Begitu banyak etnis atau suku bangsa dan agama yang terdapat di Indonesia dapat menjadi hal baik karena dapat memperkaya negara dengan keanekaragaman budaya. Dalam data-data yang sudah dipaparkan di atas, memang terlihat bagaimana Indonesia memiliki segala keanekaragaman tersebut. Tetapi di sisi lain, perlu juga dipahami bahwa dalam keanekaragaman tersebut, terdapat “penggolongan” yang dikonstruksi secara sosial mengenai kaum mayoritas dan minoritas.
Konflik Kekerasan Berbasis Identitas di Indonesia
Masih berkaitan dengan isu mayoritas-minoritas yang menjadi akar konflik kekerasan yang terjadi di Indonesia, berikut dibahas terlebih dahulu mengenai data-data konflik kekerasan yang terjadi di Indonesia. Kementerian Dalam Negeri RI (Kemendargi) mencatat peningkatan paham radikalisme mencapai angkat tertinggi pada tahun 2012 yang mengalami kenaikan 80% dari tahun sebelumnya. Pada tahun 2012, telah terjadi 128 konflik di Indonesia akibat paham radikalisme. Pada tahun 2010, tercatat 93 konflik dan 2011 sebanyak 77 konflik.[6] Kemendagri memberi penjelasan bahwa kasus radikalisme di Indonesia sangat bervariasi, seperti perkelahian yang dipicu oleh persoalan sederhana tetapi tidak langsung diselesaikan sehingga berakibat pada tindakan kekerasan yang mencakup banyak orang.
Kemudian terdapat data lain yang diperoleh dari Lembaga Ketahanan Nasional (Lemhannas), yang menyatakan bahwa kasus kekerasan di Indonesia pada tahun 2011 meningkat drastis mencapai lima juta kasus.[7] Sudaryono, Tenaga Ahli Pengkaji Bidang Sosial Budaya Lemhannas, mengatakan bahwa Indonesia menyimpan potensi konflik sangat besar dari berbagai dimensi kehidupan. Fakta mengenai konflik menerangkan bahwa akar masalah terjadi dari kondisi-kondisi di sekeliling kita, salah satunya adalah kesenjangan sosial. Sehingga bila perbedaan ditanggapi dengan intoleransi, maka akan muncul terjadinya kekerasan.[8]
Menyikapi kasus-kasus konflik kekerasan yang terjadi di Indonesia, pemerintah dibawah Kementerian Koordinator Bidang Kesejahteraan Rakyat bekerjasama dengan The Habibie Center dan Bank Dunia meluncurkan situs Sistem Nasional Pemantauan Kekerasan (SNPK) pada 7 Desember 2012. SNPK dapat diakses dalam http://www.snpk-indonesia.com.

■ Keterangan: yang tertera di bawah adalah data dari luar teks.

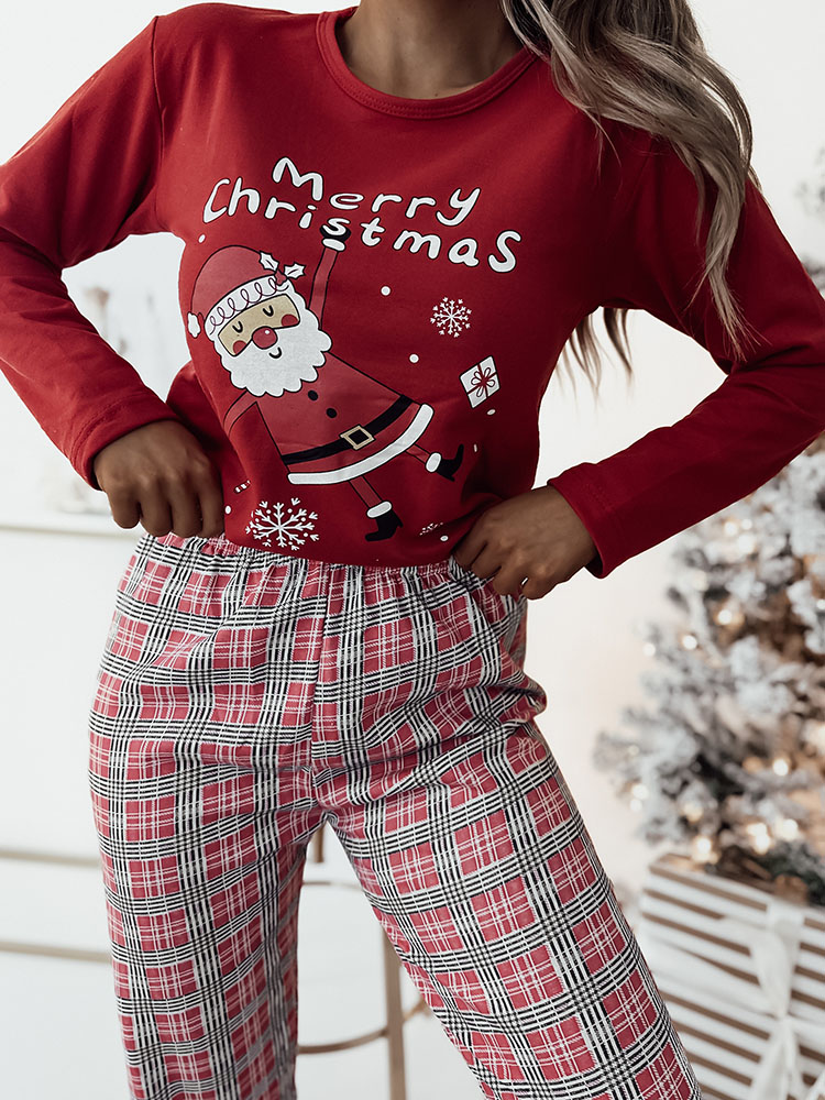 - Christmas women's 2-piece pajamas made of cotton fabric finished with decorative print. The set features a long-sleeved blouse and pants with an elastic waistband and straight legs.
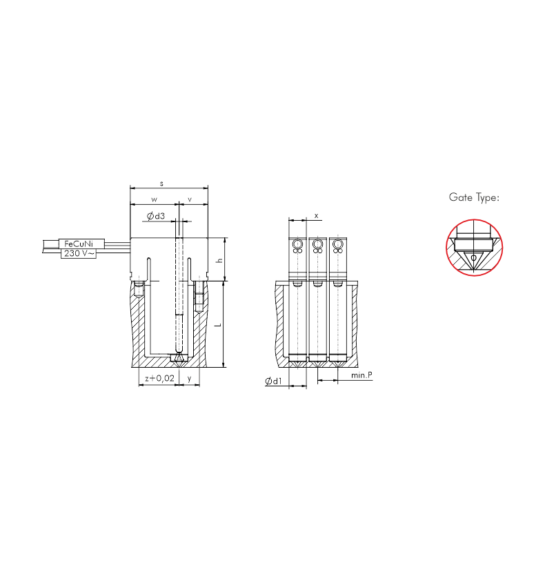 | Type | d1 | d3 | L | w | h | s | y | z | v | min_P | x |

Situs yang menyediakan data dan analisis tentang konflik dan kekerasan ini dimaksudkan untuk meredam dan mencegah terjadinya konflik di Indonesia, dengan memetakan residu konflik lama dan mendeteksi permasalahan baru.[9] Berikut adalah data kekerasan yang dihimpun dari situs SNPK[10]:
                          
Berdasarkan data tersebut, konflik identitias menempati urutan keempat setelah kriminalitas, Kekerasan Dalam Rumah Tangga (KDRT), dan konflik main hakim sendiri. Hal ini menunjukkan bahwa konflik indentitas masih sangat rentan di Indonesia yang penuh dengan keanekaragaman ini. Keanekaragaman benar-benar menjadi ancaman bila tidak disikapi dengan rasa toleransi.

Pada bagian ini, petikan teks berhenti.